I repeat: that ‘Simple Camera Example’ is 300 lines long.

It would also require me to completely rewrite the logic of the app. This, of course, would not do.

Image acquiring service

I am not a software architect just for the showy name, so I put on my ‘architect hat’ and called the Reality Collective Service Framework to the rescue. If there are two or more very different APIs aiming to basically achieve the same goal, I try to define a service handling those differences. Instead of relying on either WebCamTexture or the Magic Leap camera API, I made myself an Image Acquiring Service, implementing one interface, with two implementations: one for HoloLens, and one for Magic Leap 2.

The interface is hilariously simple:

public interface IImageAcquiringService : IService
{
    void Initialize(Vector2Int requestedImageSize);
    Vector2Int ActualCameraSize { get; }
    Task<Texture2D> GetImage();
}

The main YoloObjectLabeler behaviour first held all the settings and did the image processing: now the settings have all moved to service profiles and it just gets a reference to an IImageAcquiringService, sends it the Yolo model image size, loads the actual provided camera size, and then repeatedly calls GetImage() to get the latest image.

Profile

To be able to give every implementation its own settings, I have defined a profile with the following settings:

public class ImageAcquiringServiceProfile : BaseServiceProfile<IServiceModule>
{
    [SerializeField]
    private int cameraFPS = 4;

    [SerializeField]
    private Vector2Int requestedCameraSize = new(896, 504);

    public int CameraFPS => cameraFPS;
    
    public Vector2Int RequestedCameraSize => requestedCameraSize;
}

The FPS is only functional on the HoloLens 2 (or any other platform that implements WebCamTexture). The default value shown here is for HoloLens 2 - Magic Leap 2 actually provides lots more different camera sizes, and I have set it to 640x480, as this is closest to the 320x256 the Yolo V8 model in the app uses.

HoloLens 2 implementation

Although this is about running it on Magic Leap 2, I wanted to show you how a WebCamTexture using implementation looks like, if only to show how simple and clear it is:

public class ImageAcquiringService : BaseServiceWithConstructor, IImageAcquiringService
 {
     private readonly ImageAcquiringServiceProfile profile;
     private WebCamTexture webCamTexture;
     private RenderTexture renderTexture;
     
     public ImageAcquiringService(string name, uint priority, 
                                  ImageAcquiringServiceProfile profile)
         : base(name, priority)
     {
         this.profile = profile;
     }
   
     public void Initialize(Vector2Int requestedImageSize)
     {
         renderTexture = new RenderTexture(requestedImageSize.x, requestedImageSize.y, 
                             24);
         webCamTexture.Play();
     }

     public override void Start()
     {
         webCamTexture = new WebCamTexture(profile.RequestedCameraSize.x, 
                                profile.RequestedCameraSize.y, profile.CameraFPS);
         ActualCameraSize = new Vector2Int(webCamTexture.width, webCamTexture.height);
     }

     public Vector2Int ActualCameraSize { get; private set; }

     public async Task<Texture2D> GetImage()
     {
         if (renderTexture == null)
         {
             return null;
         }
         Graphics.Blit(webCamTexture, renderTexture);
         await Task.Delay(32);

         var texture = renderTexture.ToTexture2D();
         return texture;
     }
 }

Start is called by the ServiceFramework, creates the WebCamTexture with the requested size, then retrieves the actual size (this might differ - I can ask HoloLens for 640x480 but I won’t get it - it will default to the closest camera size).

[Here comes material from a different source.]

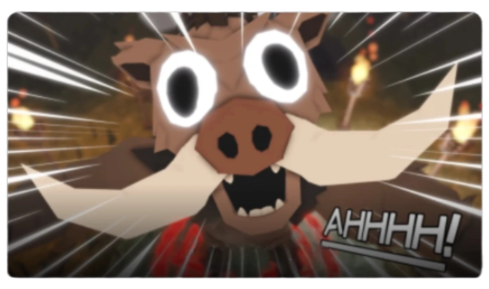 나무를 자꾸 들이박고 수염이 나 있고 돌진할때 숙여서 돌진하기 때문에 손전등의 빛을 내도 소용이 없고 좀 멍청하다
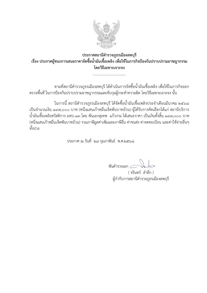 ประกาศจัดซื้อจัดจ้าง เดือนมีนาคม 2568 12 เมษายน 2568 โดย admin / ข่าวจัดซื้อจัดจ้าง,ข่าวจัดซื้อจัดจ้าง,งานงบประมาณแผนงาน ประกาศ สภ.เมืองลพบุรี เรื่อง ประกาศผู้ชนะการเสนอราคาจัดซื้อน้ำมันเชื้อเพลิง โดยวิธีเฉพาะเจาะจงเดือน มี.ค.68ไฟล์ PDF คลิกที่นี่ เอกสารเบิกเช่าเครื่องถ่ายเอกสาร เดือน มี.ค.68 ไฟล์ PDF คลิกที่นี่

Initialize sets the RenderTexture’s initial size (320x256 for this model) and starts generating images.

And then, by calling GetImage() I can get the latest image from the WebCamTexture. Mind you, this generates a new Texture2D. It’s the caller’s responsibility to destroy that after it’s done with it (this already was the case in the previous sample, but then it all happened in one class)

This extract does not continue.